» **TASK BRIEF**
What is needed is an exact copy of every entry below, with the pictures left out.

--- SOURCE DATA Enclosed Below ---

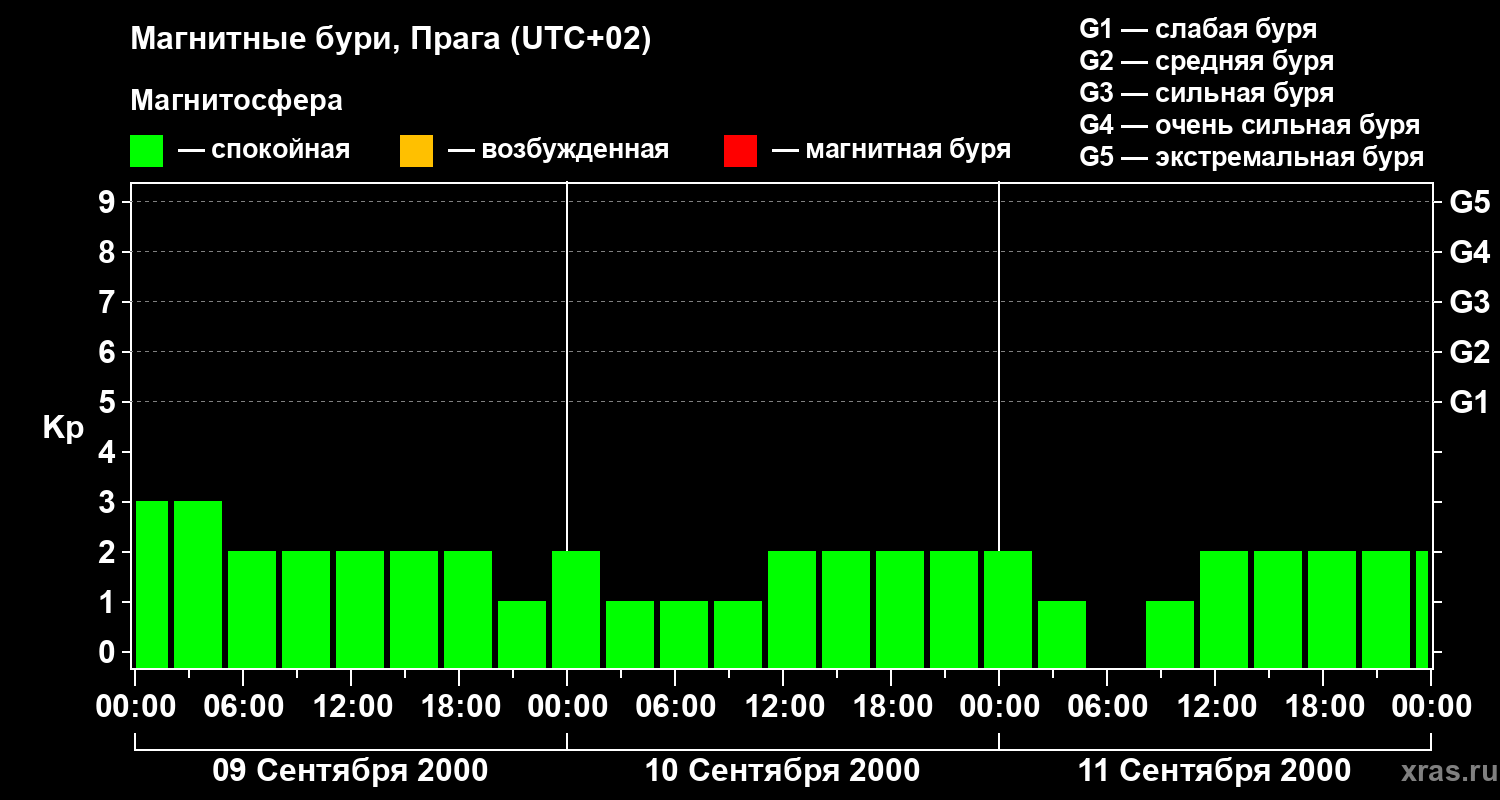 Изменения геомагнитного индекса Kp с 9 по 11 сентября 2000 года для средних широт
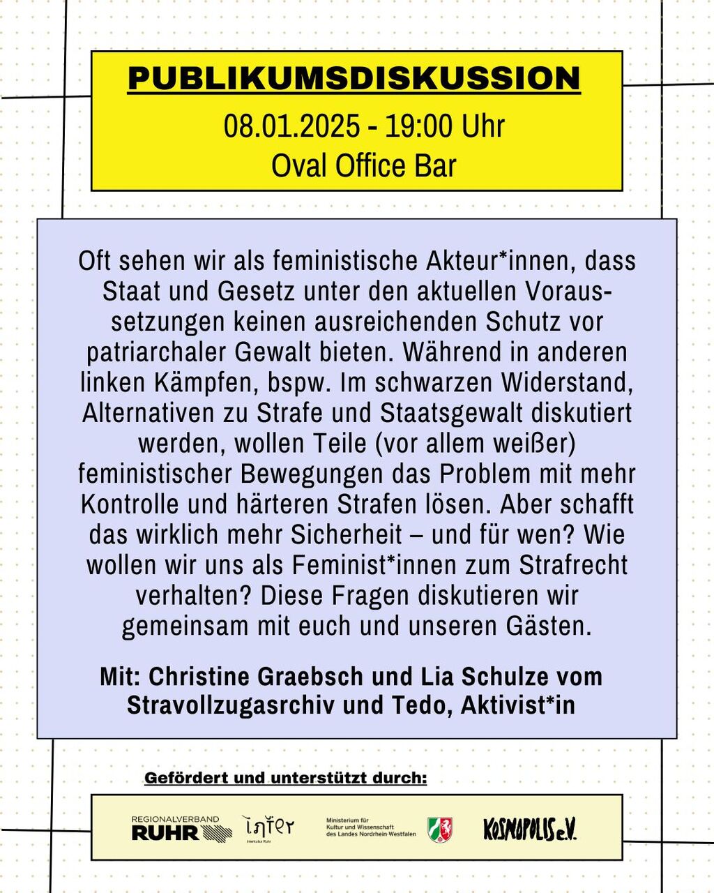 Publikumsdiskussion zu feministischen Ansätzen zu Gewalt, Strafe und Staat mit Prof. Christine Graebsch und Lia Schulze (Strafvollzugsarchiv) und Tedo (Aktivist*in)
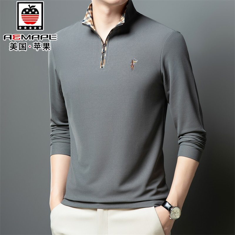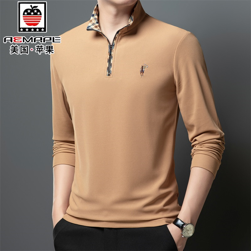 美国苹果春季男士长袖t恤宽松纯棉polo衫中年立领半拉链打底上衣
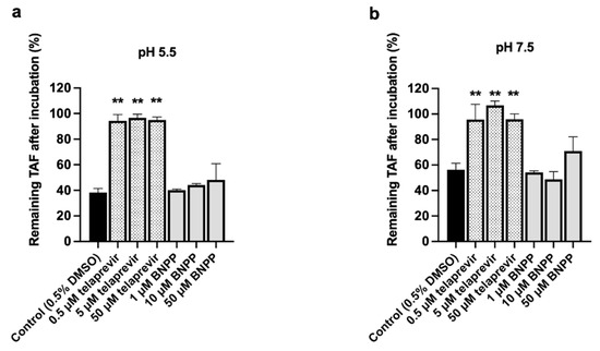 To further confirm the role of CatA and CES1 in HlungS9 for TAF hydrolysis, we evaluated the effects of CatA inhibitor (telaprevir) and CES1 inhibitor (BNPP) on TAF hydrolysis in HlungS9. The inhibitory effects are displayed in Figure 6. In both the pH 5.5 and pH 7.5 conditions, telaprevir at 0.5~50 µM could nearly abolish TAF hydrolysis in HlungS9 (p < 0.01, compared with the control group). BNPP appeared to have a slight inhibitory effect on TAF hydrolysis in HlungS9 only at 50 µM without reaching a statistically significant difference (p = 0.15 and 0.09 compared with the control group at pH 5.5 and pH 7.5, respectively).
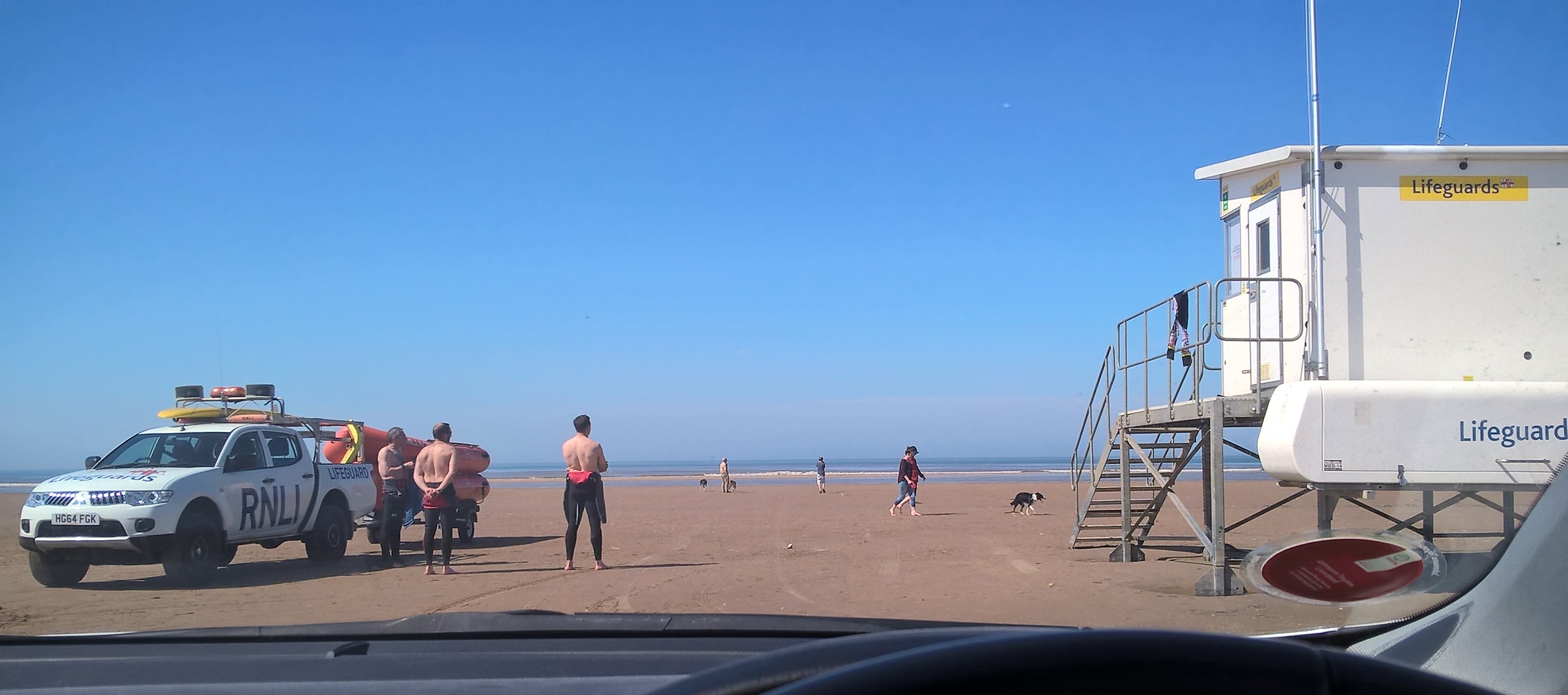 Lunching in the car, while male lifeguards wait for the female lifeguard to dress Yes that’s the only reason I took this picture showing half naked men
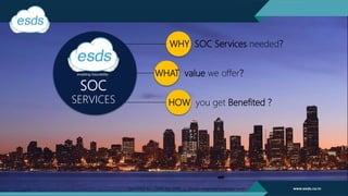 The document discusses the necessity of Security Operations Center (SOC) services in response to increasing cyber threats, emphasizing the evolution of cybersecurity from a luxury to a necessity for organizations. It highlights the offerings of ESDS' SOC services, including cost-effective, subscription-based models that provide 24/7 monitoring and management of security functions, aiming to protect organizations from potential cyber threats. Additionally, the document showcases ESDS's experience, industry recognition, and certifications, reinforcing its credibility as a trusted provider in the cybersecurity landscape.
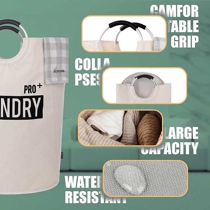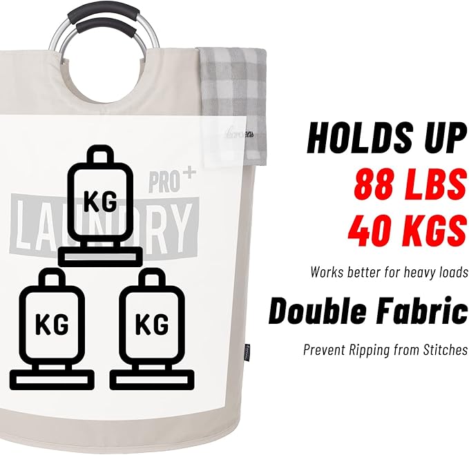 Caroeas Super Large 150L Laundry Basket Pro, Waterproof Laundry Hamper, Collapsible Laundry Basket Easy Storage, Clothes Hamper Stands Up Well, Laundry Bag with Padded Handles (Beige)
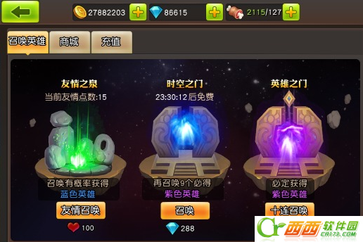 Tips:钻石可通过充值、竞技场排名与每日任务获得,攒够足够的钻石,快去召唤你心仪的英雄吧!
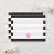 Um presente com um padrão de fundo listrado em preto e branco. Personalize com o seu monograma num círculo rosa inspirado na aquarela.
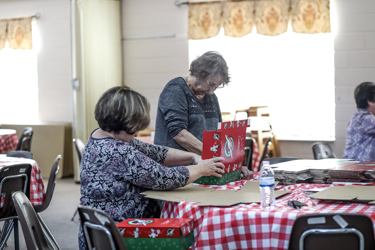Volunteers have converted the fellowship hall at Bethlehem Baptist Church in Clarkesville into a Christmas workshop. This week, they’re using the space to prepare hundreds of shoebox gifts for Operation Christmas Child. A group of women from Redeemed Ministries worked on the project Tuesday. They lovingly packed each box for the designated age and gender of the child who will receive it.
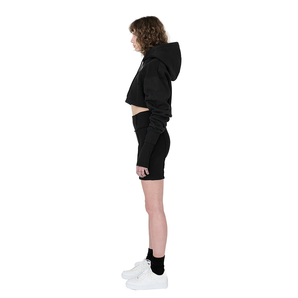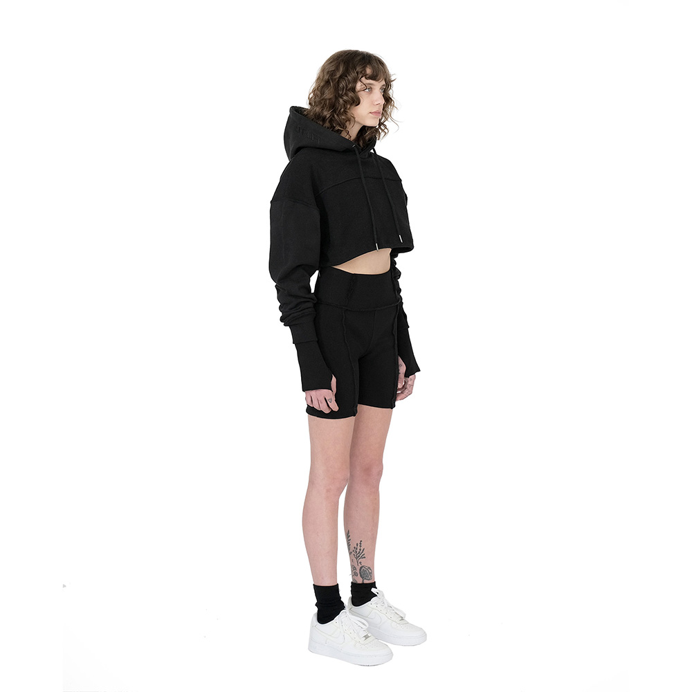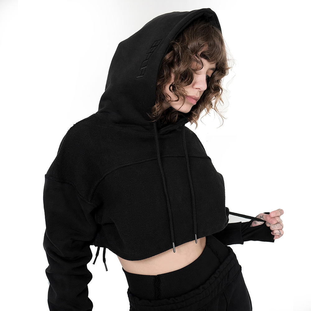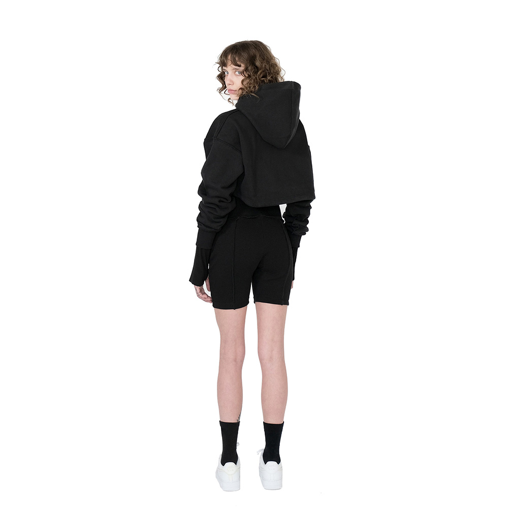 Oversized reversible cropped hoodie. Front panel fabric used inside-out. Logo embroidery on both sides of the hood in the same tone as the fabric. Adjustable drawstrings at the hem of the hoodie. Thumb holes on sleeve ribs.

--- End of Enclosed SOURCE DATA ---

» **SOLUTION TO THIS EXERCISE**
 Изменения геомагнитного индекса Kp с 9 по 11 сентября 2000 года для средних широт
 Publikumsdiskussion zu feministischen Ansätzen zu Gewalt, Strafe und Staat mit Prof. Christine Graebsch und Lia Schulze (Strafvollzugsarchiv) und Tedo (Aktivist*in)
 美国苹果春季男士长袖t恤宽松纯棉polo衫中年立领半拉链打底上衣
 To further confirm the role of CatA and CES1 in HlungS9 for TAF hydrolysis, we evaluated the effects of CatA inhibitor (telaprevir) and CES1 inhibitor (BNPP) on TAF hydrolysis in HlungS9. The inhibitory effects are displayed in Figure 6. In both the pH 5.5 and pH 7.5 conditions, telaprevir at 0.5~50 µM could nearly abolish TAF hydrolysis in HlungS9 (p < 0.01, compared with the control group). BNPP appeared to have a slight inhibitory effect on TAF hydrolysis in HlungS9 only at 50 µM without reaching a statistically significant difference (p = 0.15 and 0.09 compared with the control group at pH 5.5 and pH 7.5, respectively).
 Lunching in the car, while male lifeguards wait for the female lifeguard to dress Yes that’s the only reason I took this picture showing half naked men
 The document discusses the necessity of Security Operations Center (SOC) services in response to increasing cyber threats, emphasizing the evolution of cybersecurity from a luxury to a necessity for organizations. It highlights the offerings of ESDS' SOC services, including cost-effective, subscription-based models that provide 24/7 monitoring and management of security functions, aiming to protect organizations from potential cyber threats. Additionally, the document showcases ESDS's experience, industry recognition, and certifications, reinforcing its credibility as a trusted provider in the cybersecurity landscape.
 Caroeas Super Large 150L Laundry Basket Pro, Waterproof Laundry Hamper, Collapsible Laundry Basket Easy Storage, Clothes Hamper Stands Up Well, Laundry Bag with Padded Handles (Beige)
 Tips:钻石可通过充值、竞技场排名与每日任务获得,攒够足够的钻石,快去召唤你心仪的英雄吧!
 Um presente com um padrão de fundo listrado em preto e branco. Personalize com o seu monograma num círculo rosa inspirado na aquarela.
Volunteers have converted the fellowship hall at Bethlehem Baptist Church in Clarkesville into a Christmas workshop. This week, they’re using the space to prepare hundreds of shoebox gifts for Operation Christmas Child. A group of women from Redeemed Ministries worked on the project Tuesday. They lovingly packed each box for the designated age and gender of the child who will receive it.
 Oversized reversible cropped hoodie. Front panel fabric used inside-out. Logo embroidery on both sides of the hood in the same tone as the fabric. Adjustable drawstrings at the hem of the hoodie. Thumb holes on sleeve ribs.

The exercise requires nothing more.